Start of Block

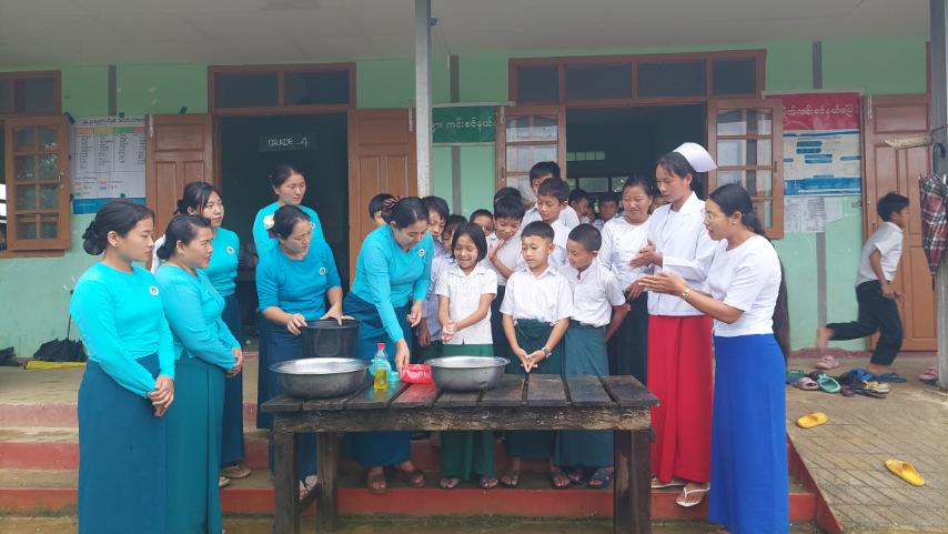ထိုသို့ဆောင်ရွက်ရာတွင် မြို့နယ်မိခင်နှင့်ကလေးကျန်းမာရေးဌာနမှ ကျန်းမာရေးကြီးကြပ်(၂)ဆရာမအိအိငြိမ်းက တစ်ကိုယ်ရေသန့်ရှင်းရေးနှင့်ကျန်းမာရေး အသိပညာပေး အကြောင်းအရာများကို ဟောပြောပြီး ခရိုင်မိခင်နှင့်ကလေးစောင့်ရှောက်မှု ကြီးကြပ်ရေးအဖွဲ့ဥက္ကဋ္ဌ ဒေါ်ဥမ္မာကိုကိုကြီးက လက်ကိုမှန်ကန်စွာ သန့်စင်ဆေးကြောနည်းကို ကျောင်းသူ၊ ကျောင်းသားများအား လက်တွေ့သရုပ်ပြပြုလုပ်ခဲ့ကာ ကျောင်းသူကျောင်းသားများကို ပေါင်ချိန်တိုင်းတာခြင်း၊ လက်မောင်းတိုင်းခြင်းများကိုပါ ဆောင်ရွက်ခဲ့သည်။
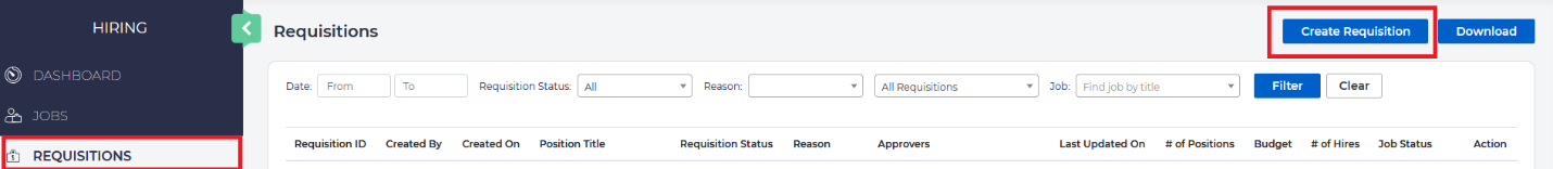 From the left menu, choose Requisitions and then click on the Create Requisition button on the upper right.
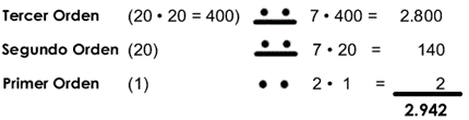 Ahora bien, para escribir números iguales o superiores al 20, las cifras adquirían un valor que dependía de la posición en donde se encontraban, disponiéndose en columnas y asignándose un valor de abajo hacia arriba, en el que hay que multiplicar el valor de cada cifra por 1, 20, 20x20, 20x20x20… según el lugar que ocupe. Por ejemplo:
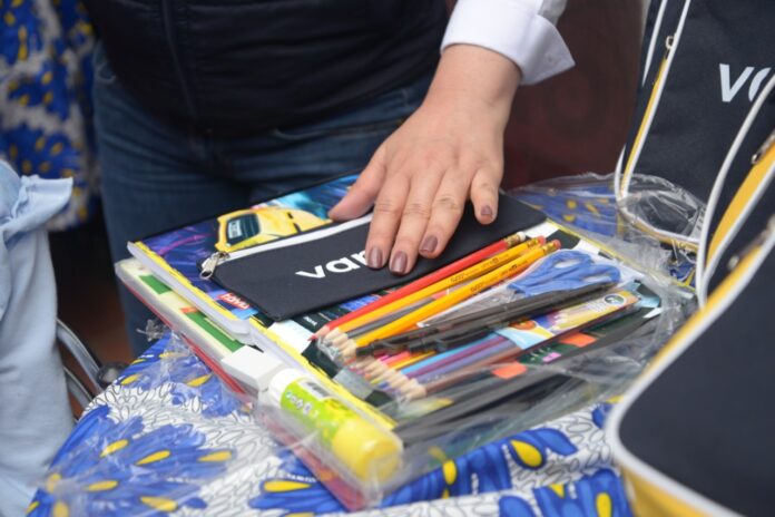 Los kits están conformados por una maleta, frasco para bebidas, cuadernos, cartuchera, lápices, borrador, colores, tijeras, colbón y esferos.
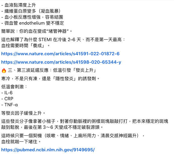 簡單來說,血在變成「堵管神器」,這也解釋為什麼心肌梗塞在冷後2至6天,而不是第一天最高,血栓需要時間「養成」。

End of Block

**Work request:**
The lines to retype run from the one containing "Los kits están" through the last line of the records above; write them exactly and skip the pictures.

**The answer:**
 Los kits están conformados por una maleta, frasco para bebidas, cuadernos, cartuchera, lápices, borrador, colores, tijeras, colbón y esferos.
 簡單來說,血在變成「堵管神器」,這也解釋為什麼心肌梗塞在冷後2至6天,而不是第一天最高,血栓需要時間「養成」。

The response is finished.